KSHV prevalence can vary, even between geographically proximate areas [3]. We have previously reported a high KSHV seroprevalence of >95% in adults in the General Population Cohort in rural southwestern Uganda [5], and a prevalence of 61% amongst mothers in a peri-urban cohort [37]. This current study shows a high seropositivity of KSHV (>80% in 13+-year-olds) amongst Lake Victoria island communities with seropositive participants as young as one year. Additionally, we show that males were more likely to be KSHV seropositive compared to females. These findings are similar to those documented in other studies carried out in sub-Saharan Africa [4, 5, 38].

The HIV prevalence in the studied communities was high (17%). We observed a lower risk of being KSHV seropositive among individuals treated for HIV compared to HIV negative individuals. Since our study was cross-sectional and given the fact that there was missing HIV data, this finding should be treated with caution. However, ART has been shown to lead to tumour regression among AIDS-KS patients [3941]. Additionally, others have shown a decline in KSHV viral load following HAART initiation [4244], perhaps suggesting a direct effect of ART on KSHV replication.

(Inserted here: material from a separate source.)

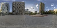 A modern office building in Barcelona's bustling business district. The sleek and innovative architecture stands out against the urban landscape. Clear skies highlight the vibrant energy of the city.
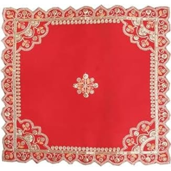 Handmade Pooja cloth Aasan Mat from India is Ideal for Devi or Goddess idols during holy rituals. Size: 28 inches x 28 inches, colour: red, material: velvet cloth with sequence work. This Mat Aasan is made of delicate cloth with golden lace, are light in weight and quite appealing. This can be use as aasan Mat or on top of choki , chowki , pooja table, deity thrones, wooden bajot, Pooja thali cover ,Idol base cloth , back drop . Use in Pooja puja rituals ; tika ; navratri ; diwali ; holi ; festival or any Indian Festival to Worship and Decoration. High Quality Handmade Exclusive Pooja Puja Items article & decoration. › See more product details; Product description Pooja Aasan, Asana or its call Holy Vastra, Very Important and most needed part of any pooja puja. This Beautiful Aasan Mat are used for placing on Mata ki Chowki, Puja tables, deity thrones, wooden bajot, It is used as back drop for Krishna, Durga and other deity idols to brighten the aura. Also used as a curtain for puja altar or mandir. These Puja Aasans are high quality product and available in attractive designs, Size & Colours. You can make your Puja Room brighten by using these aasans. These can be easily incorporated in varied home settings. small or big. You keep this as a throne under idols. It is used during religious functions, ceremonies and prayer rituals. Multipurpose aasan made from cloth and it has attractive golded thread and sequence work which bring bright aura to your home temple mandir during any festival occasion puja pooja or celebration.; Product description Pooja Aasan, Asana or its call Holy Vastra, Very Important and most needed part of any pooja puja. This Beautiful Aasan Mat are used for placing on Mata ki Chowki, Puja tables, deity thrones, wooden bajot, It is used as back drop for Krishna, Durga and other deity idols to brighten the aura. Also used as a curtain for puja altar or mandir. These Puja Aasans are high quality product and available in attractive designs, Size & Colours. You can make your Puja Room brighten by using these aasans. These can be easily incorporated in varied home settings. small or big. You keep this as a throne under idols. It is used during religious functions, ceremonies and prayer rituals. Multipurpose aasan made from cloth and it has attractive golded thread and sequence work which bring bright aura to your home temple mandir during any festival occasion puja pooja or celebration.; Pooja Aasan, Asana or its call Holy Vastra, Very Important and most needed part of any pooja puja. This Beautiful Aasan Mat are used for placing on Mata ki Chowki, Puja tables, deity thrones, wooden bajot, It is used as back drop for Krishna, Durga and other deity idols to brighten the aura. Also used as a curtain for puja altar or mandir. These Puja Aasans are high quality product and available in attractive designs, Size & Colours. You can make your Puja Room brighten by using these aasans. These can be easily incorporated in varied home settings. small or big. You keep this as a throne under idols. It is used during religious functions, ceremonies and prayer rituals. Multipurpose aasan made from cloth and it has attractive golded thread and sequence work which bring bright aura to your home temple mandir during any festival occasion puja pooja or celebration.

The high untreated HIV prevalence, coupled with other factors including parasite infections, may contribute to the high prevalence of KSHV in this area. The burden of S. mansoni in these island communities is very high. We showed that being infected with S. mansoni, detected by microscopy, was associated with an increased risk of being KSHV seropositive. Others have reported no association between S. mansoni and KSHV infections, possibly due to the low prevalence of KSHV or low infection intensity of S. mansoni in the study areas [45, 46]. In vitro reactivation of the model gammaherpesvirus MHV68 by S. mansoni was demonstrated by Reese et al., mediated through IL4 production [18]. Our human data are consistent with this model, as we observed an association with S. mansoni and KSHV seropositivity. Furthermore, at baseline (before antihelminthic treatment), anti-K8.1 antibody levels were higher in S. mansoni infected individuals compared to uninfected individuals, and S. mansoni infection intensity was associated with higher antibody levels to K8.1 and ORF73. These associations were not observed in the final survey after antihelminthic treatment. Nonetheless, higher antibody levels to KSHV antigens, and particularly the lytic antigen K8.1, has been associated with viral reactivation and KS disease progression [4750]. Our findings may imply KSHV reactivation in individuals with a heavy S. mansoni infection, although a major limitation in interpretation is that we are unable to assign causation. An additional limitation is that we did not measure KSHV viral load in blood due to the unavailability of appropriate samples, and this would reaffirm the role of S. mansoni infection in KSHV reactivation.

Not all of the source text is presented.